● WORK INSTRUCTIONS:
A verbatim reproduction of the lines below, from the line containing "where each Gα(τ)" through the line containing "46. Прямоугольная кухня", both ends included, is the whole required output.

● PROVIDED INFORMATION:
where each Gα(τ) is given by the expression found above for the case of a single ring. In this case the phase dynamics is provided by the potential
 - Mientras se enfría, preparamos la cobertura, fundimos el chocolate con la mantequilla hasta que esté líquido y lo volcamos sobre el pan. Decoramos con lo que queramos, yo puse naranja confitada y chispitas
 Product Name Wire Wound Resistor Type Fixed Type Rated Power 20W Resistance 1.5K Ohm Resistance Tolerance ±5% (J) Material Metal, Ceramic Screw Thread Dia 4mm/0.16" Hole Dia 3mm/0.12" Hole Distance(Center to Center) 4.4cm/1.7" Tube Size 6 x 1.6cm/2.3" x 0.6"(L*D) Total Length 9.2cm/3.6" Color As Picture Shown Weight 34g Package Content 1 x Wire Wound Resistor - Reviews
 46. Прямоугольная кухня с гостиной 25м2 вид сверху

...

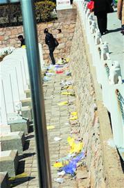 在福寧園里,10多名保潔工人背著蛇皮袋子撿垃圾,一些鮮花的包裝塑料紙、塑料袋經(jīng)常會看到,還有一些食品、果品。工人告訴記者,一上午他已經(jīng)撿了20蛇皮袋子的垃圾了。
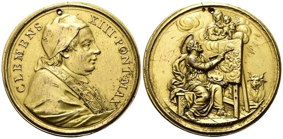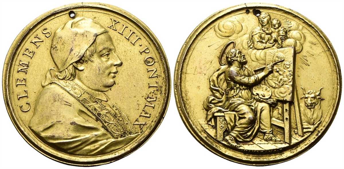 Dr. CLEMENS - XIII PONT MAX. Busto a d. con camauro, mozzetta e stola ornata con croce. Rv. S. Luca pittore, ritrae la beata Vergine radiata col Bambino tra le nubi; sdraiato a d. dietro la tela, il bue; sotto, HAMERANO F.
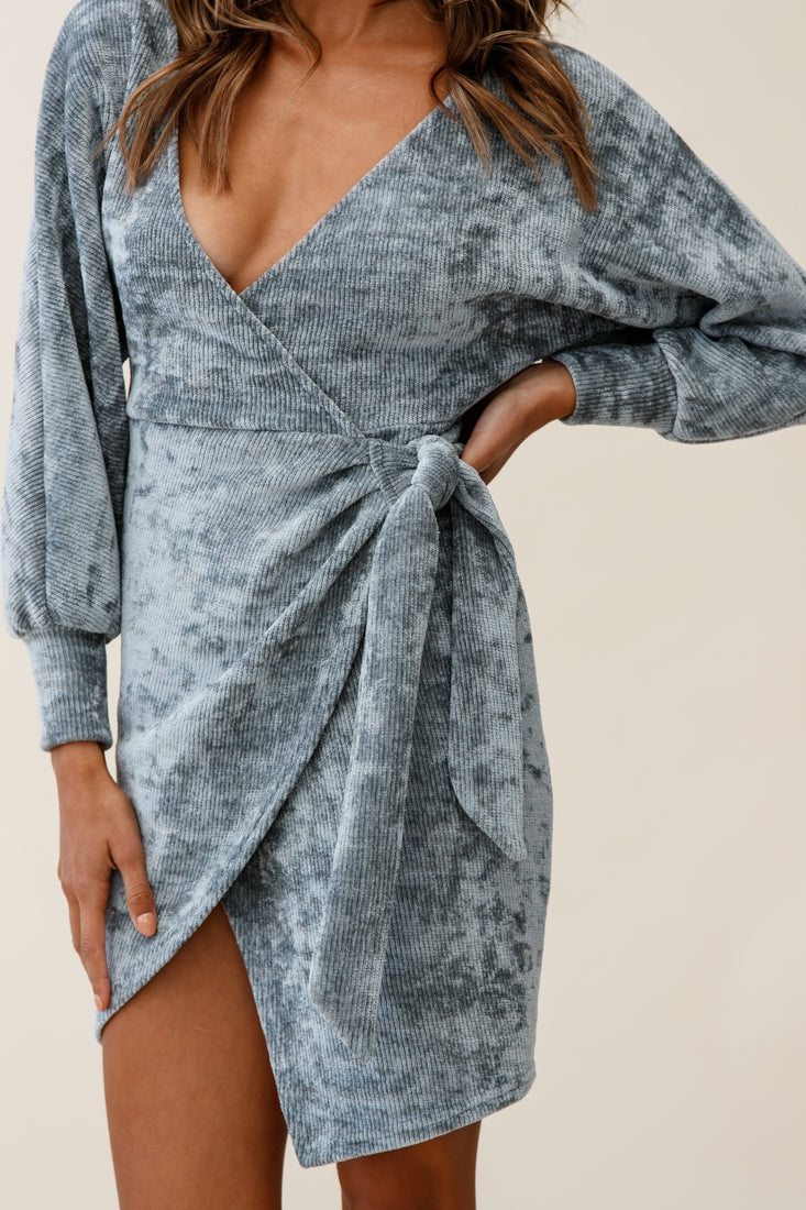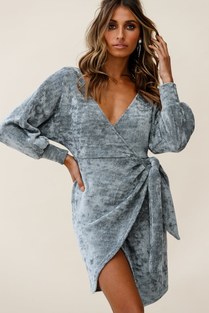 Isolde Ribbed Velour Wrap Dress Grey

---

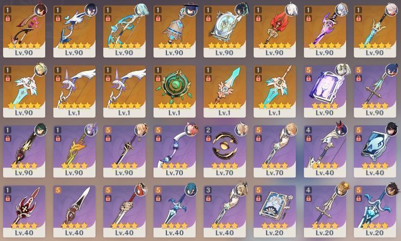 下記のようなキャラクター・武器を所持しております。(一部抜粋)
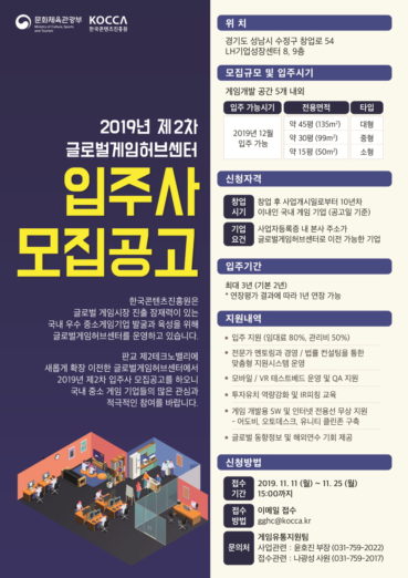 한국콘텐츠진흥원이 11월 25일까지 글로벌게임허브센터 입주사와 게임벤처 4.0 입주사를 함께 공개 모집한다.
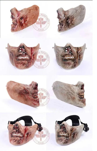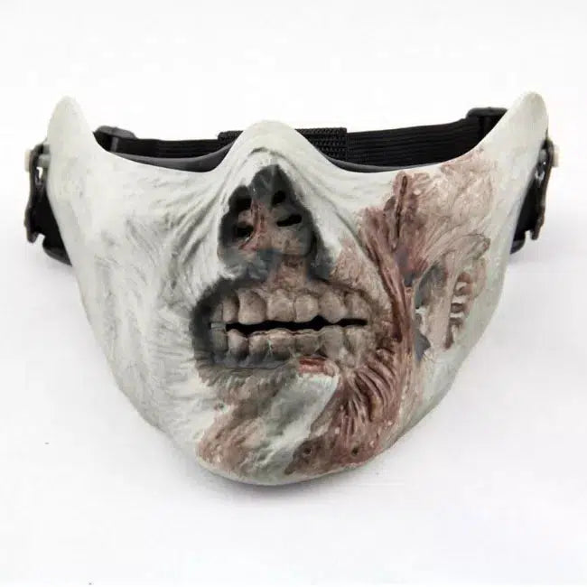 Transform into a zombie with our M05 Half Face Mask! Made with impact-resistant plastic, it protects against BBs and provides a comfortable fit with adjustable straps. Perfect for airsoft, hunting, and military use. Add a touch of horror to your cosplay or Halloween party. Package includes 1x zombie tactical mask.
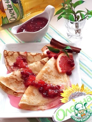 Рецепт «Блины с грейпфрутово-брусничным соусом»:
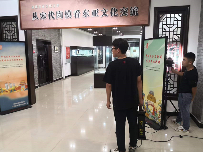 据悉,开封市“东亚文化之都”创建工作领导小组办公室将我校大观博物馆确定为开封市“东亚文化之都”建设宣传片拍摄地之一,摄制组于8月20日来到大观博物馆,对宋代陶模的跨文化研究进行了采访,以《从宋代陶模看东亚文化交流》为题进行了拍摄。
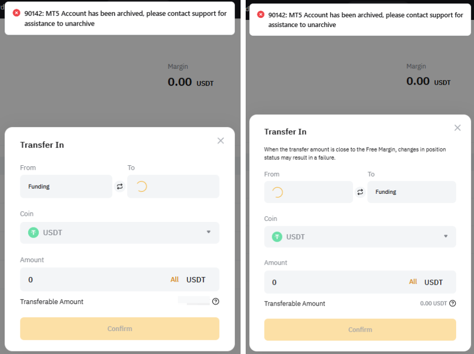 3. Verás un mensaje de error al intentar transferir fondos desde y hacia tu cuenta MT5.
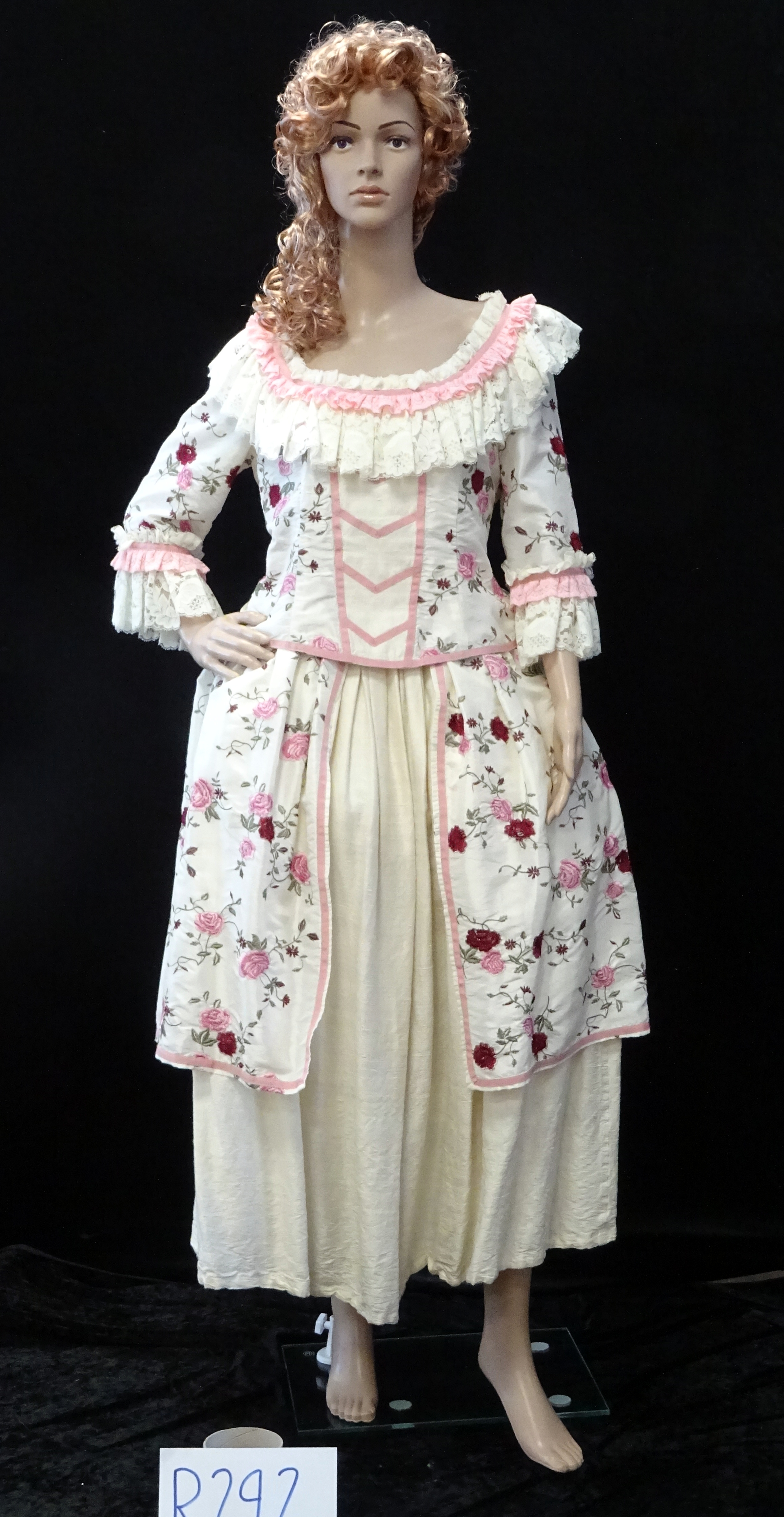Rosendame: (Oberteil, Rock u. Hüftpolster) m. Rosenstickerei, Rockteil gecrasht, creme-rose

● THE COMPLETED TASK:
where each Gα(τ) is given by the expression found above for the case of a single ring. In this case the phase dynamics is provided by the potential
 - Mientras se enfría, preparamos la cobertura, fundimos el chocolate con la mantequilla hasta que esté líquido y lo volcamos sobre el pan. Decoramos con lo que queramos, yo puse naranja confitada y chispitas
 Product Name Wire Wound Resistor Type Fixed Type Rated Power 20W Resistance 1.5K Ohm Resistance Tolerance ±5% (J) Material Metal, Ceramic Screw Thread Dia 4mm/0.16" Hole Dia 3mm/0.12" Hole Distance(Center to Center) 4.4cm/1.7" Tube Size 6 x 1.6cm/2.3" x 0.6"(L*D) Total Length 9.2cm/3.6" Color As Picture Shown Weight 34g Package Content 1 x Wire Wound Resistor - Reviews
 46. Прямоугольная кухня с гостиной 25м2 вид сверху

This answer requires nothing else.